Your answer should be the records again, unchanged in wording and free of images.

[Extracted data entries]
====================

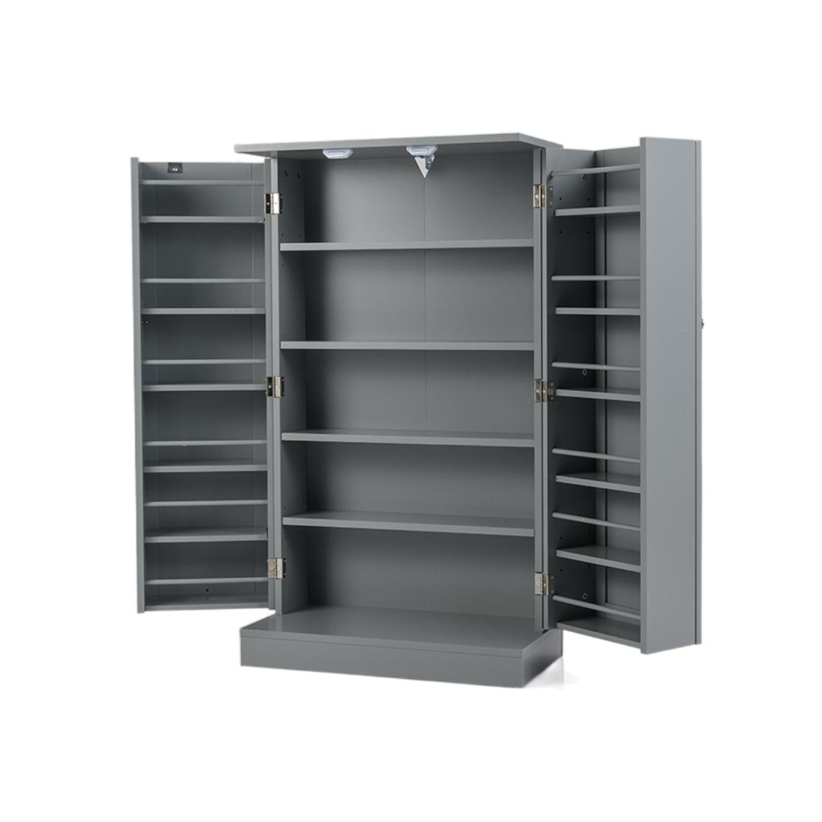 This pantry cabinet stands at 41'' tall with ample storage space, including a 5-tier middle cabinet and 6 door shelves with anti-falling barriers on each side. Its 6 shelves are 3-position adjustable. Thus, you can easily organize your snacks, drinks, baking supplies, seasonings, dinnerware, and more. Moreover, the kitchen cabinet is firmly anchored by the anti-tipping kit for optimal stability. This cabinet supports up to 115 kg with ease. For easy access, the sideboard cabinet features a 2-door design with a wide 180-degree opening range and metal pulling knobs.
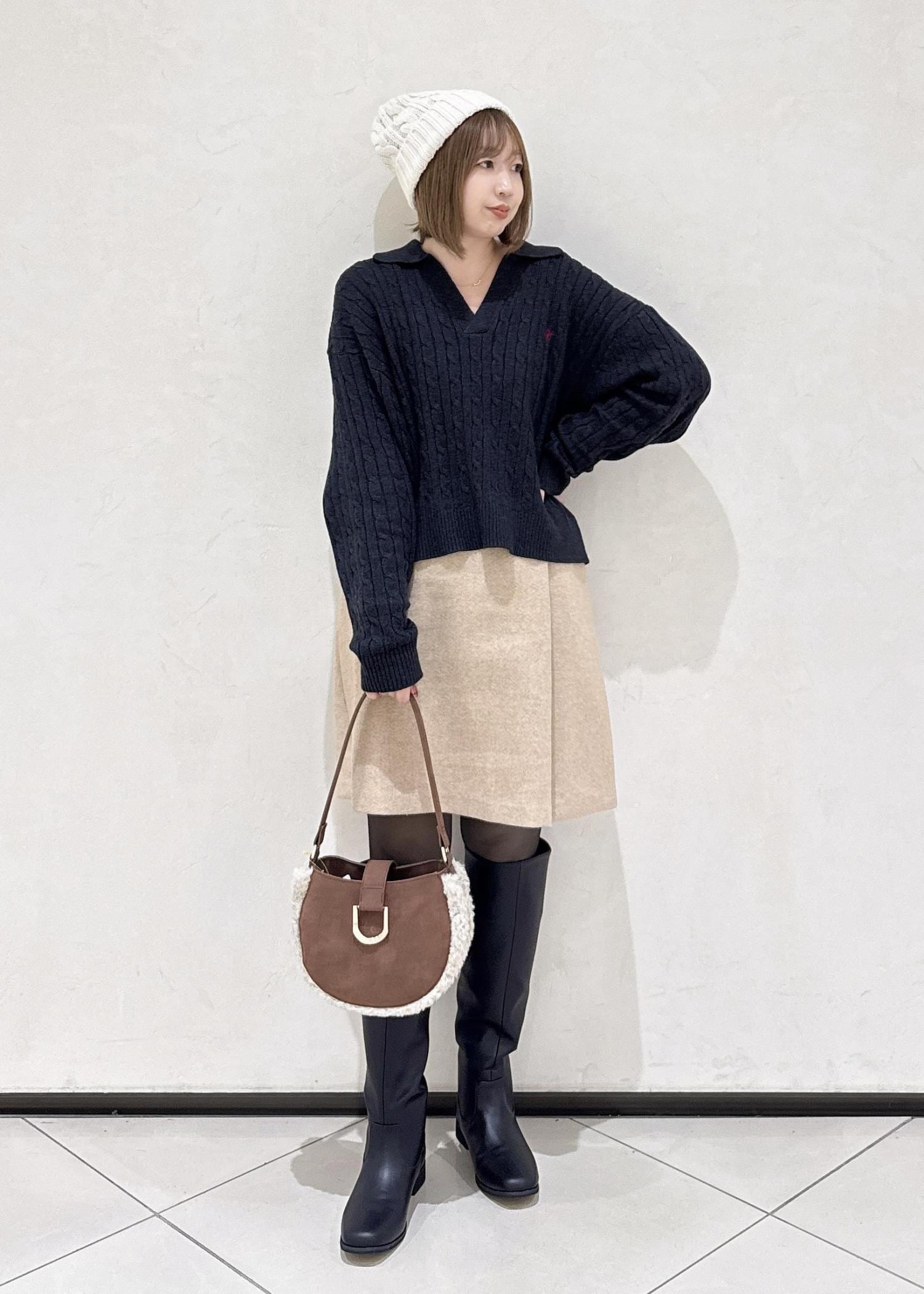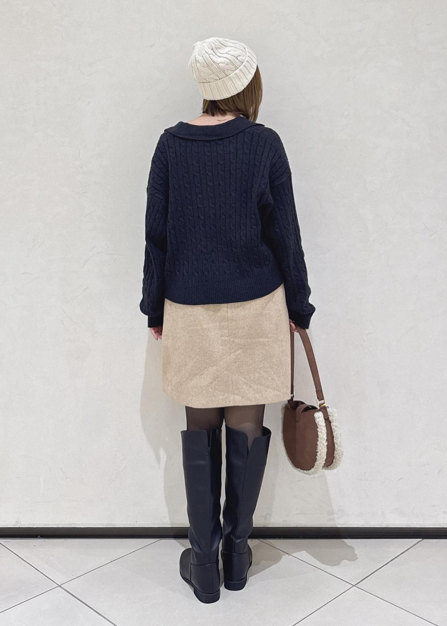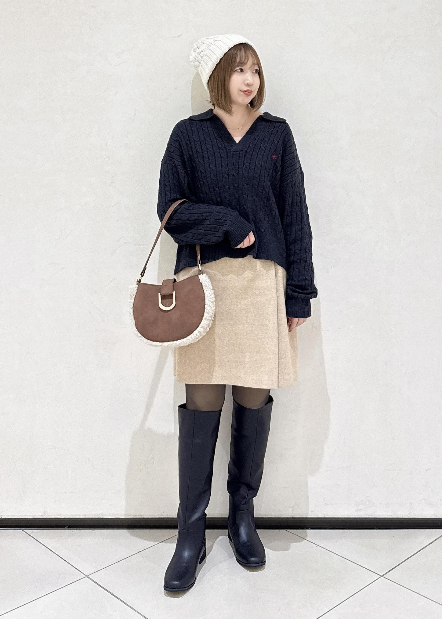 ミニスカートなので、ロングブーツと合わせ脚の露出を少なめにバランスを取りました。
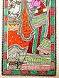 Madhubani, or Mithila painting, is a traditional art form originating from the Mithila region of India. It is renowned for its complex geometrical patterns, vibrant colors, and depictions of nature, deities, and mythological scenes. Historically, these paintings were created by women on the walls of their homes to celebrate auspicious occasions and tell stories. The art form has since evolved to be practiced on paper, becoming a popular medium for preserving and sharing cultural narratives. This particular piece showcases the characteristic delicate linework and bold color application that define the authenticity of Madhubani art, allowing the divine figures to emanate a vibrant energy.
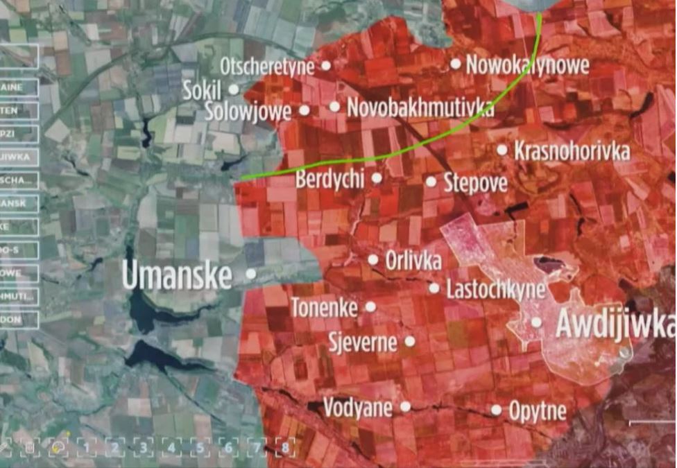 Як наголошується в повідомленні, наприкінці квітня російські війська здійснили прорив на північний захід від Авдіївки, пройшовши 3 км углиб позицій ЗСУ до селища Очеретине. Згодом вони розширили утворений плацдарм, захопивши села Соловйове, Архангельське, Керамік, Новокалинове, Новобахмутівку.
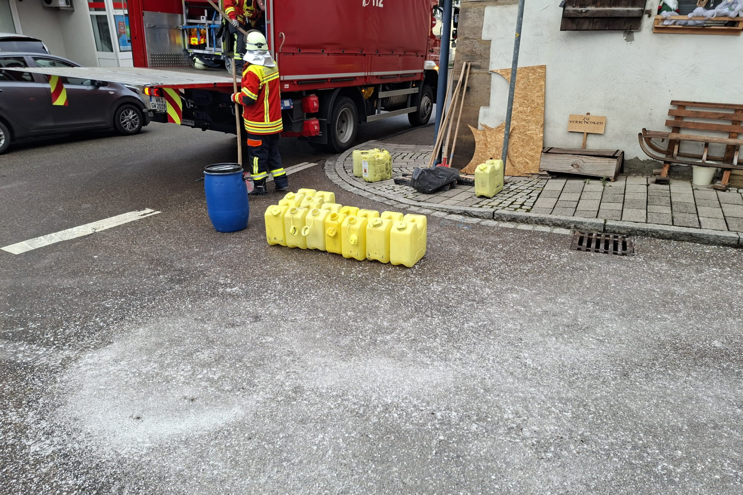 Die Feuerwehr verhinderte das Einlaufen in die Kanalisation und band das Öl. Anschließend wurde die Einsatzstelle dem Bauhof übergeben.
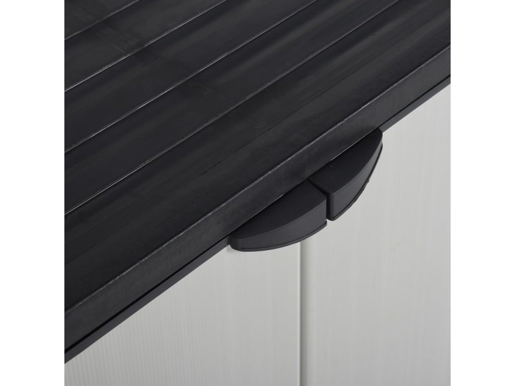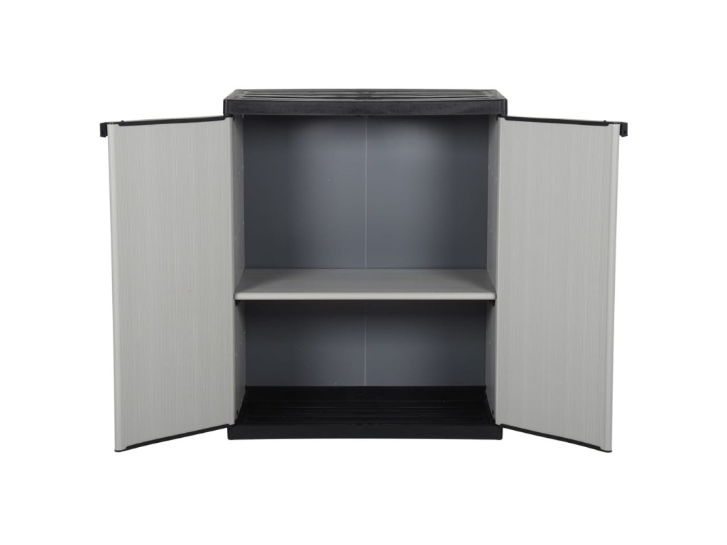Táto záhradná úložná skrinka sa so svojím nadčasovým dizajnom hodí ku každému zariadeniu. Je ideálna pre použitie v záhrade, na terase a podobne.

====================

• Expected answer:
 This pantry cabinet stands at 41'' tall with ample storage space, including a 5-tier middle cabinet and 6 door shelves with anti-falling barriers on each side. Its 6 shelves are 3-position adjustable. Thus, you can easily organize your snacks, drinks, baking supplies, seasonings, dinnerware, and more. Moreover, the kitchen cabinet is firmly anchored by the anti-tipping kit for optimal stability. This cabinet supports up to 115 kg with ease. For easy access, the sideboard cabinet features a 2-door design with a wide 180-degree opening range and metal pulling knobs.
 ミニスカートなので、ロングブーツと合わせ脚の露出を少なめにバランスを取りました。
 Madhubani, or Mithila painting, is a traditional art form originating from the Mithila region of India. It is renowned for its complex geometrical patterns, vibrant colors, and depictions of nature, deities, and mythological scenes. Historically, these paintings were created by women on the walls of their homes to celebrate auspicious occasions and tell stories. The art form has since evolved to be practiced on paper, becoming a popular medium for preserving and sharing cultural narratives. This particular piece showcases the characteristic delicate linework and bold color application that define the authenticity of Madhubani art, allowing the divine figures to emanate a vibrant energy.
 Як наголошується в повідомленні, наприкінці квітня російські війська здійснили прорив на північний захід від Авдіївки, пройшовши 3 км углиб позицій ЗСУ до селища Очеретине. Згодом вони розширили утворений плацдарм, захопивши села Соловйове, Архангельське, Керамік, Новокалинове, Новобахмутівку.
 Die Feuerwehr verhinderte das Einlaufen in die Kanalisation und band das Öl. Anschließend wurde die Einsatzstelle dem Bauhof übergeben.
Táto záhradná úložná skrinka sa so svojím nadčasovým dizajnom hodí ku každému zariadeniu. Je ideálna pre použitie v záhrade, na terase a podobne.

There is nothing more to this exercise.